Singles and downloads - April 14th 2010

Singles and downloads - April 14th 2010

The singles pile: always an education. What have we learnt this time? Only that Sandi Thom still lives, breathes and makes singy-like noises, this time aided and abetted by widely-revered American guitar-twiddler Joe Bonamassa on ‘This Ol’ World’ (Guardian Angels) ●●●, which comes across like a budget supermarket version of the Plant/Krauss axis. Like the Terminator, she will not stop.

Here’s another lesson: These New Puritans will probably never again better their best song. ‘Attack Music’ (Angular) ●●● is a suitably weird collision of Wu-Tang Clan and The Specials but it’s also, like so many things in this life, just not ‘Elvis’. Likewise, Kate Nash’s ‘Do Wah Doo’ (Fiction) ●●● foregoes the frankly crackpot allure of her new material in favour of a dollop of the same old sassy pop, and Hot Chip’s ‘I Feel Better’ (Parlophone) ●●●, a slice of functional house-pop (the promo video’s boyband gag isn’t far off), distances itself from the epic standards of ‘One Life Stand’.

Meanwhile, out by the bike sheds, all the bad lads are trying to see who can be as hard as Biffy Clyro. There’s Aberdeen’s Turning 13, giving it a good shot with ‘String She Pulled’ (Fat Hippy) ●●●, and Dundee’s Pensioner with the rawer but no less accomplished recording ‘Goodbye Tension, Hello Pension’ (self-released) ●●●. Biffy Clyro bloody all noses and win this round though, with their now familiar tactic of presenting a song in ‘Bubbles’ (14th Floor) ●●●, which sounds subtly different to anything they’ve released before. And Josh Homme’s on their side for this one.

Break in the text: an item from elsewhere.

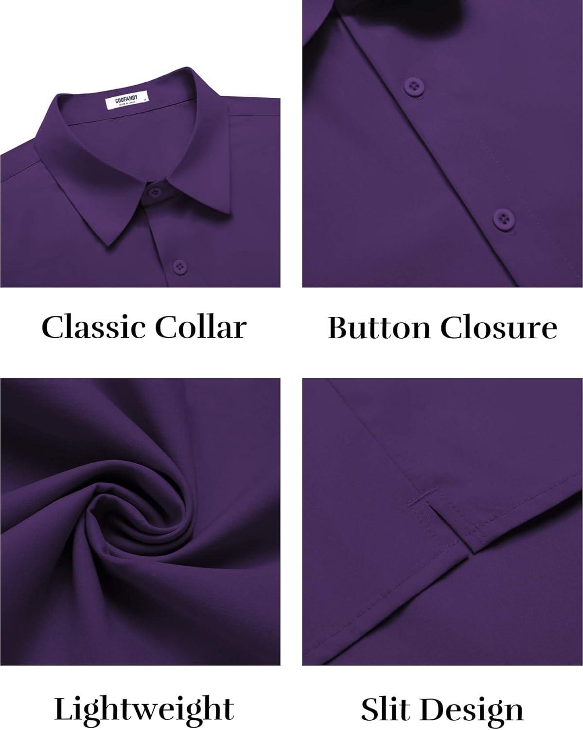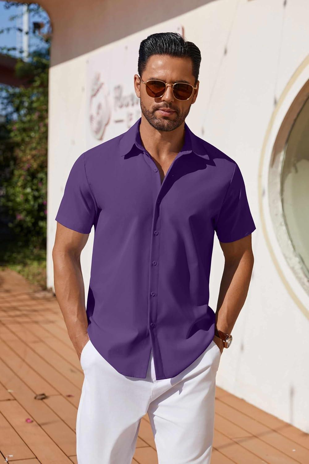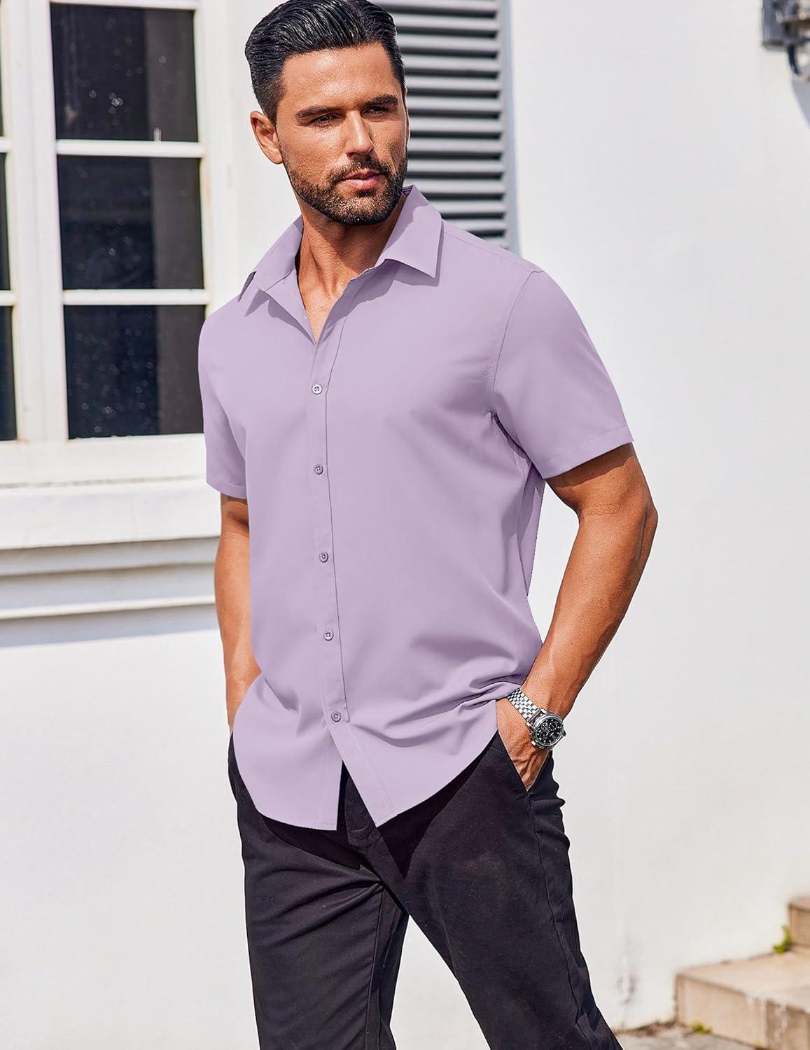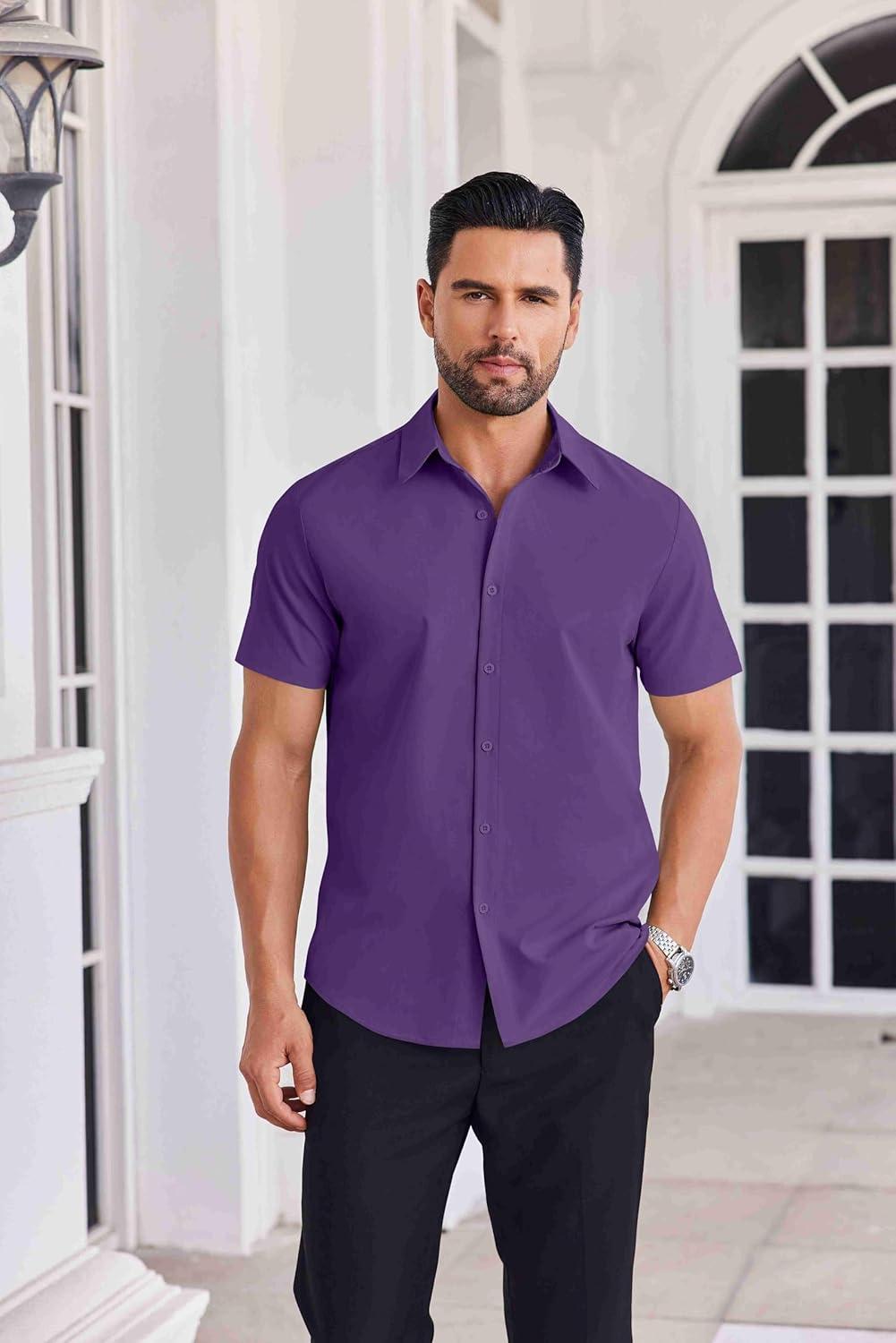 COOFANDY Mens Short Sleeve Dress Shirts Stretch Wrinkle Free Button Down Shirt Casual Summer Top(Purple)

As usual, however, wells of inspiration can be found from wily old geezers in the staff room bemoaning the day they banned smoking and gin in here on lunch breaks. There’s Paul Vickers and the Leg, whose ‘A Horse Hoof in the Soup’ (SL Records) ●●● is touched by a certain kind of deranged psychedelic folk madness, and the grand old man of these parts, Mark E Smith, delaying retirement thanks to a promising young bunch of students in the form of a new label – The Fall’s ‘Bury! Pts. 2+4’ (Domino) ●●●● is about as good as we’ve come to expect from the band’s current vintage. Yet Single of the Fortnight goes to the bunch of charismatic young supply teachers with their fancy new methods, in the shape of Edinburgh’s Meursault and the delicately unique electro-folk of their ‘Crank Resolutions’ (Song, By Toad) ●●●●.